Evidently the Scottish draftsmen have been no more successful than we have at coming up with a neat translation of nobile officium.
News from Cardiff
Cardiff University has announced that Dr Russell Sandberg, an old friend and a welcome guest on this blog, has been promoted to Reader and is to be Head of Law within the University’s School of Law and Politics. We offer Russell our warmest congratulations – and hope he’ll still be able to find the time to write us the occasional post.
- BBC: What’s the difference between a hijab, niqab and burka?: a helpful explanation from the BBC for those who can never quite remember which is which.
- Máiréad Enright, Human Rights in Ireland: The Rights of the Unborn: A Troubling Decision from the High Court?: an interesting analysis of recent cases in Ireland which suggest that foetuses may have some of the same rights and interests under the Constitution as born children.
- Russell Sandberg, Religion and the Public Sphere: How do you solve a problem like Sharia?
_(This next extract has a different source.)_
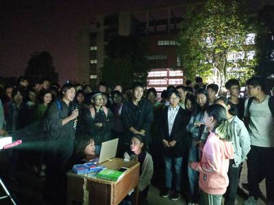18国贸三班主办的英语角活动在外院小广场顺利举行。Amine、LaQuete、Drew三位外教应邀加。

The real issues raised by the Sharia law debate: argues that “the focus on Sharia misses the point and … a wider reappraisal of family law matters is required.”
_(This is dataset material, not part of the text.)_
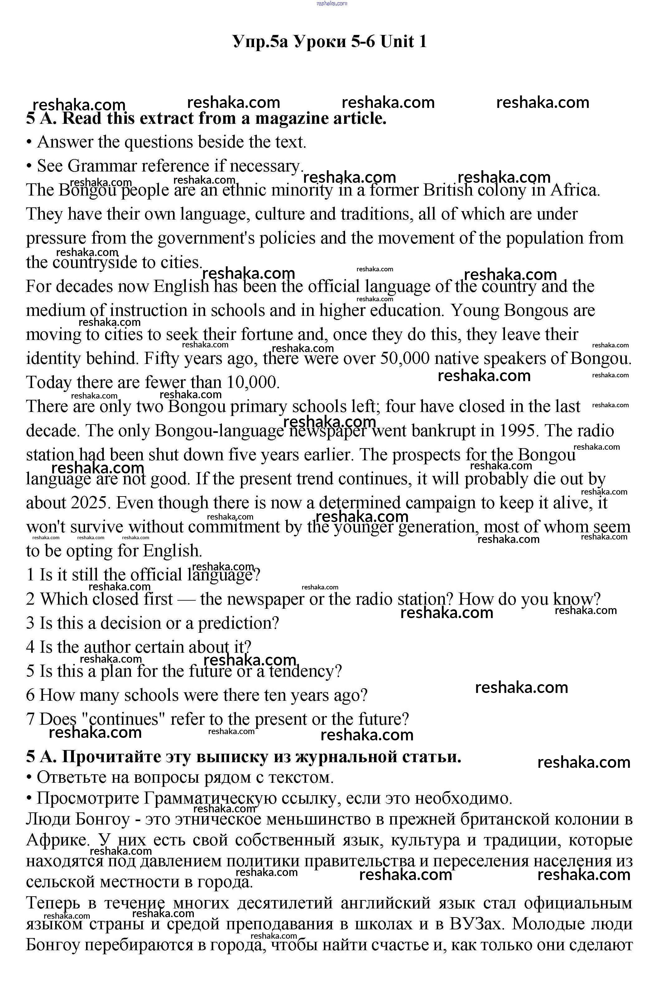 Решака - онлайн ответы Английский язык Гроза, Дворецкая за 11 класс Учебник ФГОС 2015 - 5a

- Maria Strauss: Farrer & Co: Independent Inquiry into Child Sexual Abuse (IICSA): Update: concludes that is not clear that the change of Chair will have much impact on the Inquiry: but for now, “institutions are encouraged to continue their preparations and response to the Inquiry particularly if they are already a case study or have been contacted by the Inquiry for disclosure of documents.”
- US Department of State: International Religious Freedom Report for 2015: published on 10 August, the State Department’s annual review is carefully researched and provides helpful annual snapshots of the state of religion under the law, country by country: see, for example, its analysis of the progress of the controversial law on religion in Hungary.
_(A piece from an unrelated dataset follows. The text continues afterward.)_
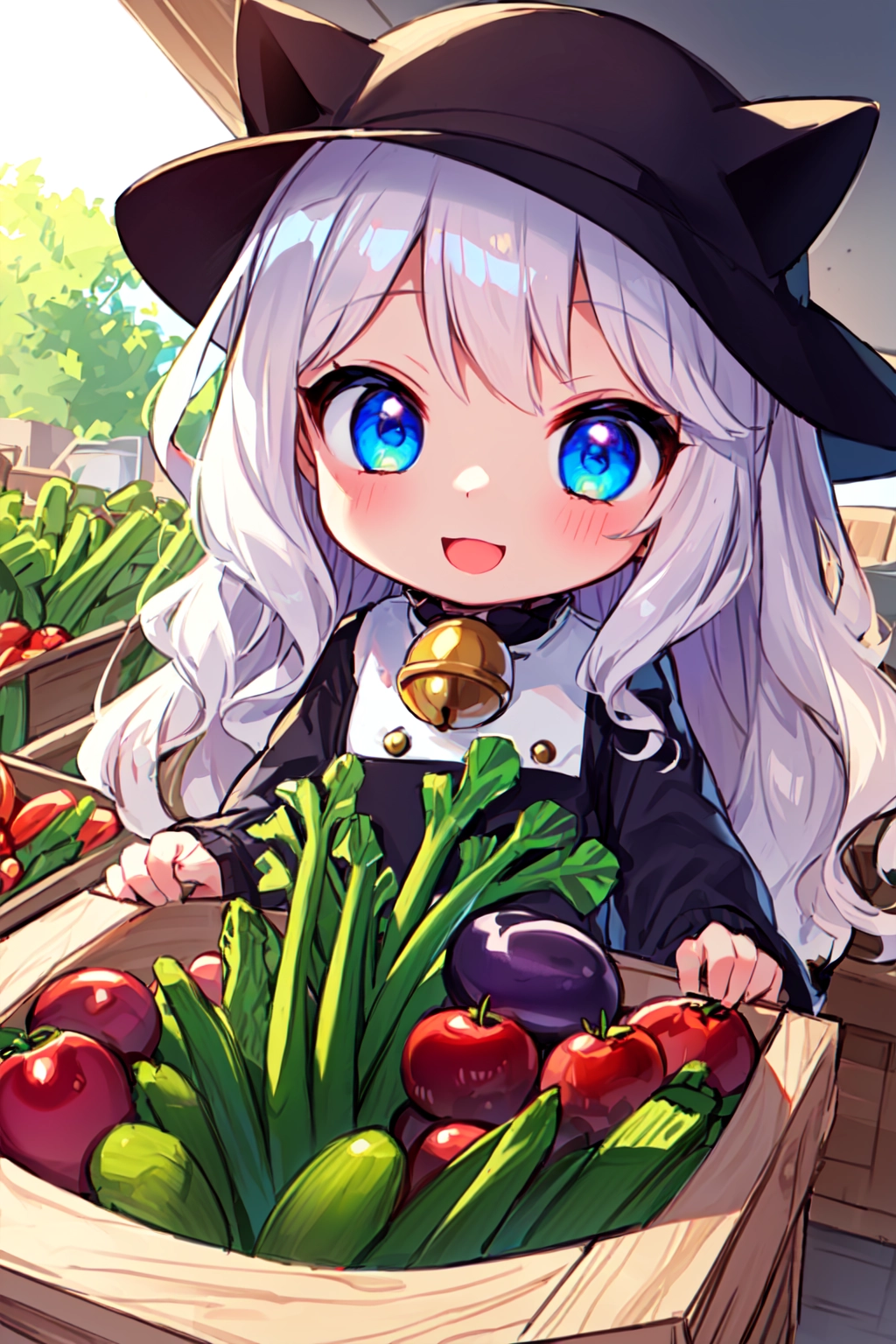 Girl exploring bustling summer vegetable market, stalls brimming with fresh tomatoes, eggplants, bell peppers, zucchinis, and corn, vendors offering samples, sun hats, baskets full of produce, lively chatter, vibrant colors contrasting against wooden stalls, warm sunlight filtering through.

- Hannah Weisfeld: Religion and the Public Sphere: The Labour anti-Semitism row has thrust British Jewish identity into the public domain, but its complexity is often lost: in a thoughtful piece the author suggests that though Shami Chakrabarti’s report into anti-Semitism is helpful in staking out the boundaries of acceptable discourse it fails to understand the complex nature of Jewish identity.
- David Whincup, National Law Review: Religious Dress at Work – Where Does EU Law Now Stand?: reviews the two AGs’ opinions in Achbita and Bougnaoui and suggests that the CJEU is likely to prefer AG Sharpston to AG Kokott: for our part, we aren’t so sure.
Thanks to Strasbourg Observers, we stumbled across the news that the Fourth Section ECtHR had held in Ziembiński v Poland (No 2)  ECHR 607 that a newspaper editor’s criminal conviction for describing local government officials as “dim-witted” and a “numbskull” violated his Article 10 right to freedom of expression. Says the report, “The judgment may prove decisive for future prosecutions of journalists under article 216(2) of Poland’s criminal code, which makes it a specific offence to ‘insult’ a person ‘through the mass media’ and carries a possible one-year prison sentence.”
We devoutly hope so: if you can’t insult a public official in the media, exactly whom can you insult?